* _Task instructions_
Return only the lines from the one that contains "500元以下入門款的銷售下滑" through the last line of the records below, exactly as they stand. Pictures are not part of the copy.

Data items
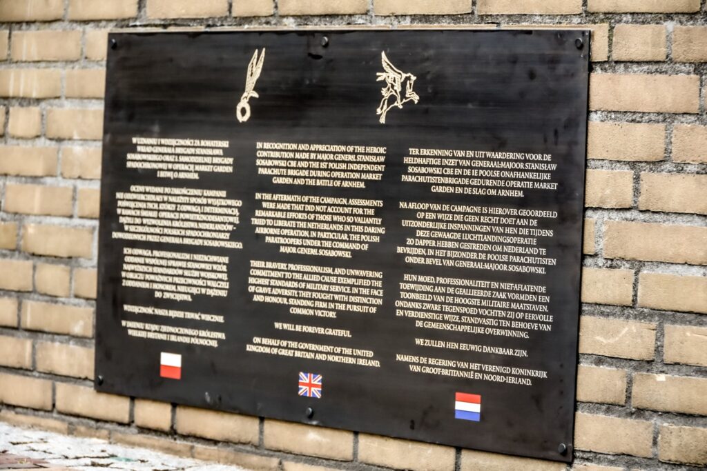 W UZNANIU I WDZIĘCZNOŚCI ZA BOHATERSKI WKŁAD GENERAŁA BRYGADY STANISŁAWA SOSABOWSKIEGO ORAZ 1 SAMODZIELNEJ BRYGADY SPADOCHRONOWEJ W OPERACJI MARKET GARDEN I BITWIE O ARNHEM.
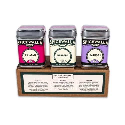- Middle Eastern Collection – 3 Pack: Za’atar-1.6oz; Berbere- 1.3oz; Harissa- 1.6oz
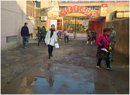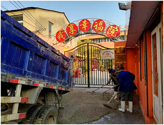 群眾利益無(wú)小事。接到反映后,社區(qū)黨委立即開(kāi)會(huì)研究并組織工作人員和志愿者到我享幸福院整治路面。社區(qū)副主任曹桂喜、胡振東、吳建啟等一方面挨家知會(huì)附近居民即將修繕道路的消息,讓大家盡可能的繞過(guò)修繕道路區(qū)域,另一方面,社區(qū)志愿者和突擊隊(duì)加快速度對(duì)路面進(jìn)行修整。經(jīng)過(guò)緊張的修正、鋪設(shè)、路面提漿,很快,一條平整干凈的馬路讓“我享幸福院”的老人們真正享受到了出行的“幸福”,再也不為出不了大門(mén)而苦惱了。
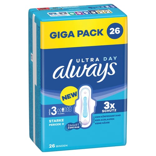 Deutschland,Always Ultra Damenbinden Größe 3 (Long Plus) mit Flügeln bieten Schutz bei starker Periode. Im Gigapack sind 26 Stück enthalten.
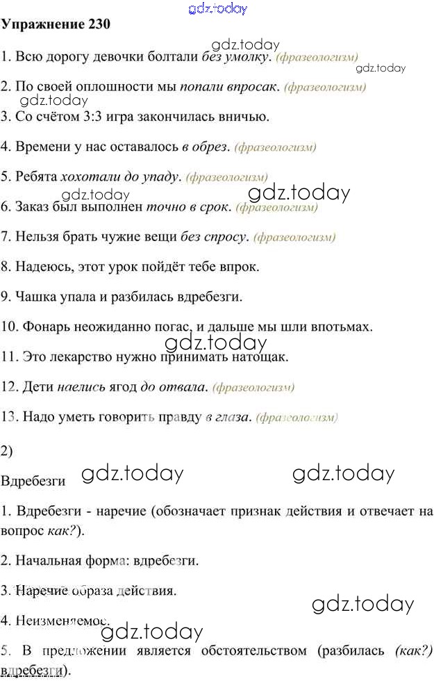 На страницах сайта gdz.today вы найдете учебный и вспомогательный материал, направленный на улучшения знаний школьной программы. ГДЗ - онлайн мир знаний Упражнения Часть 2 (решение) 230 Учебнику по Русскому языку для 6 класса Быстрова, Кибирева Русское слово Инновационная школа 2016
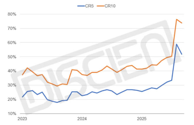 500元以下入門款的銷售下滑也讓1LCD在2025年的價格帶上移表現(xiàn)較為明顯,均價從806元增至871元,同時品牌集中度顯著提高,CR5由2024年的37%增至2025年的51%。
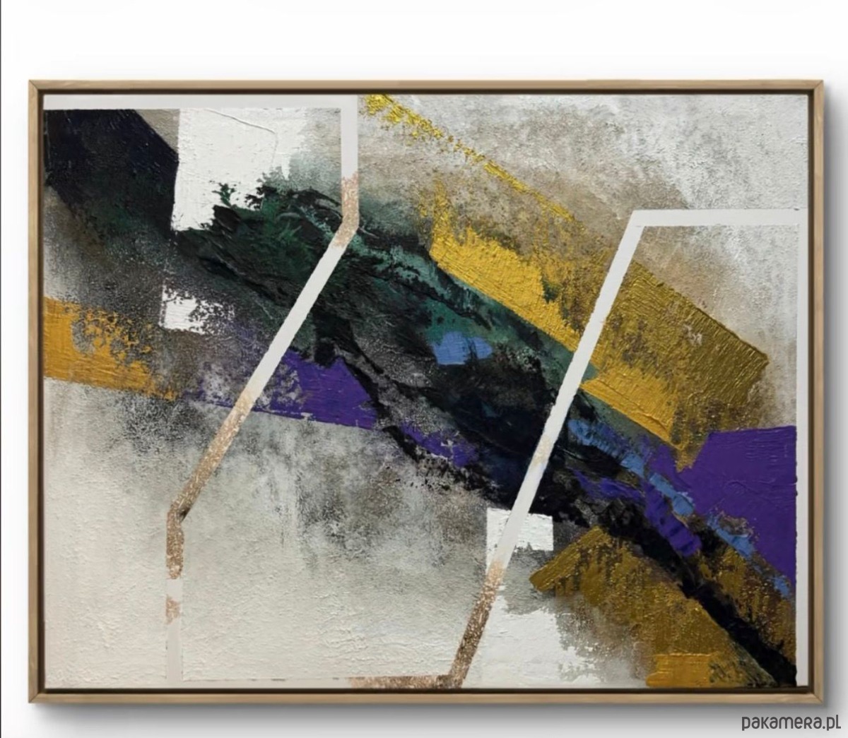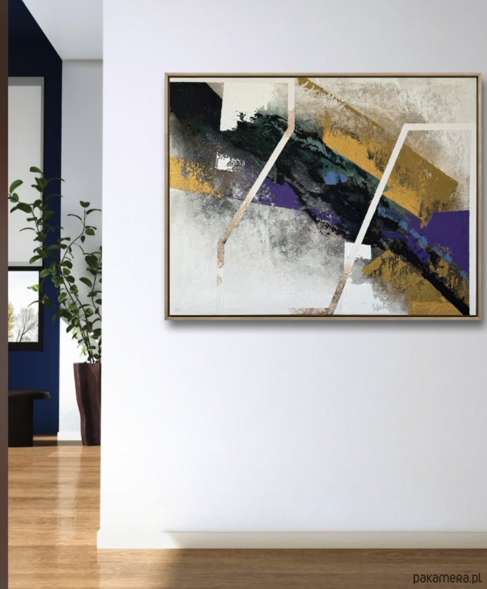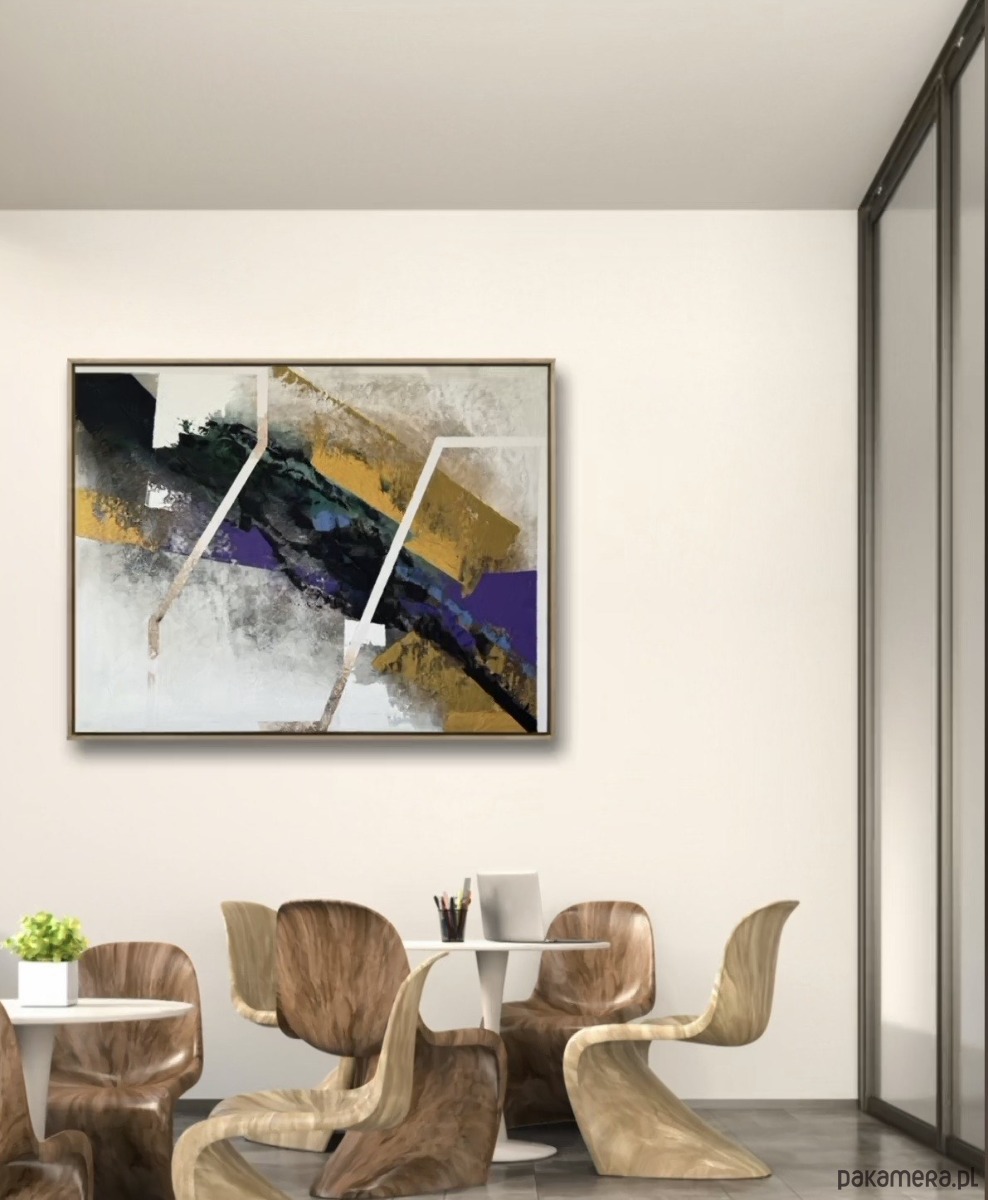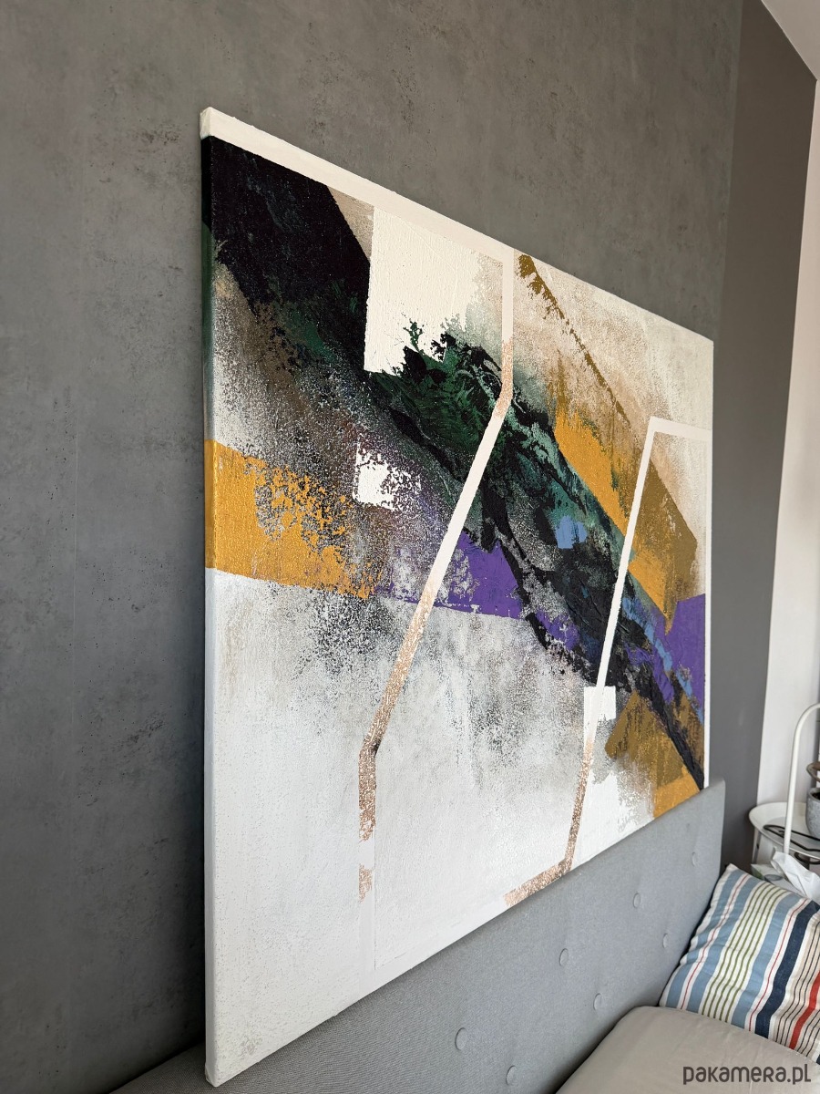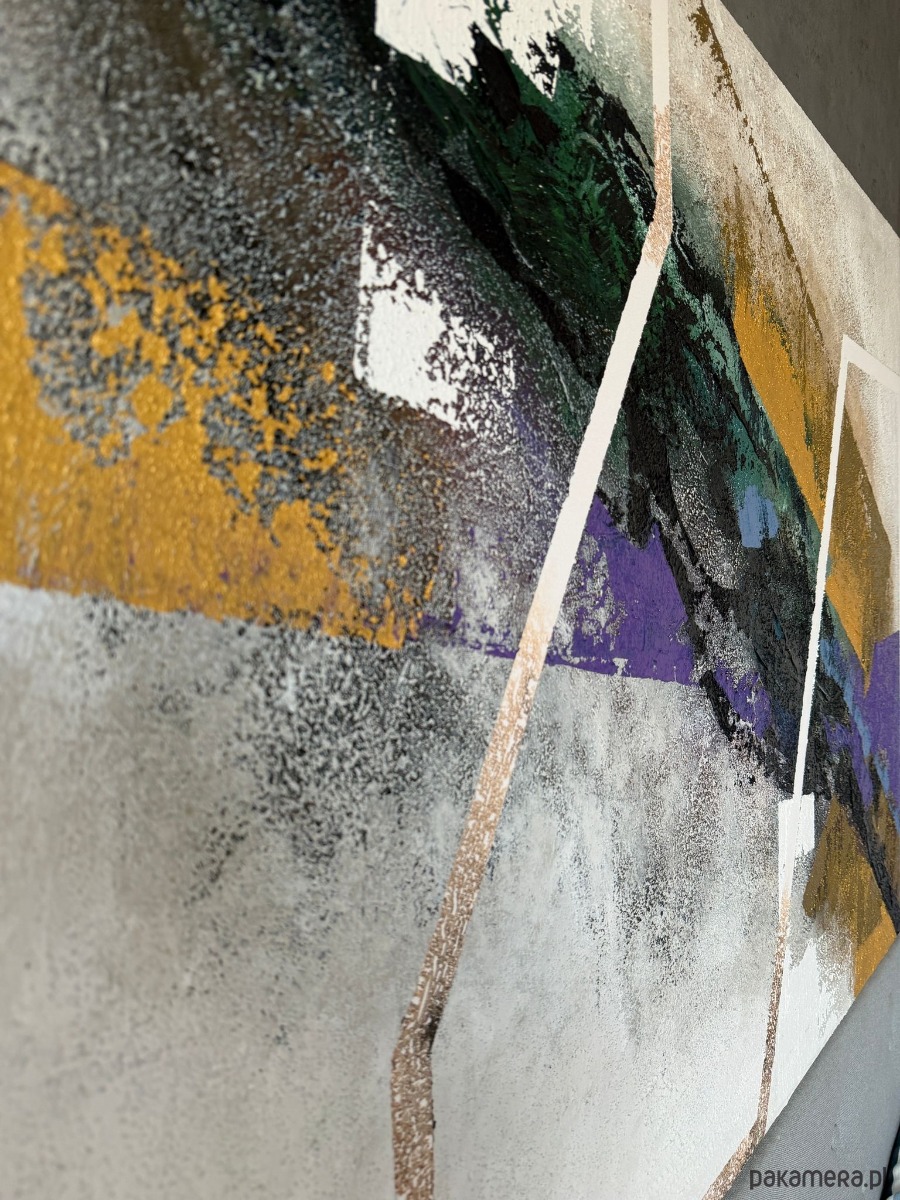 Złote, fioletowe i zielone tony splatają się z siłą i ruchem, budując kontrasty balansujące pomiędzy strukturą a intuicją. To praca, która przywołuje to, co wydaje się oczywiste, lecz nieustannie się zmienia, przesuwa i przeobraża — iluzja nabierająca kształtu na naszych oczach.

* _Answer below_
 500元以下入門款的銷售下滑也讓1LCD在2025年的價格帶上移表現(xiàn)較為明顯,均價從806元增至871元,同時品牌集中度顯著提高,CR5由2024年的37%增至2025年的51%。
 Złote, fioletowe i zielone tony splatają się z siłą i ruchem, budując kontrasty balansujące pomiędzy strukturą a intuicją. To praca, która przywołuje to, co wydaje się oczywiste, lecz nieustannie się zmienia, przesuwa i przeobraża — iluzja nabierająca kształtu na naszych oczach.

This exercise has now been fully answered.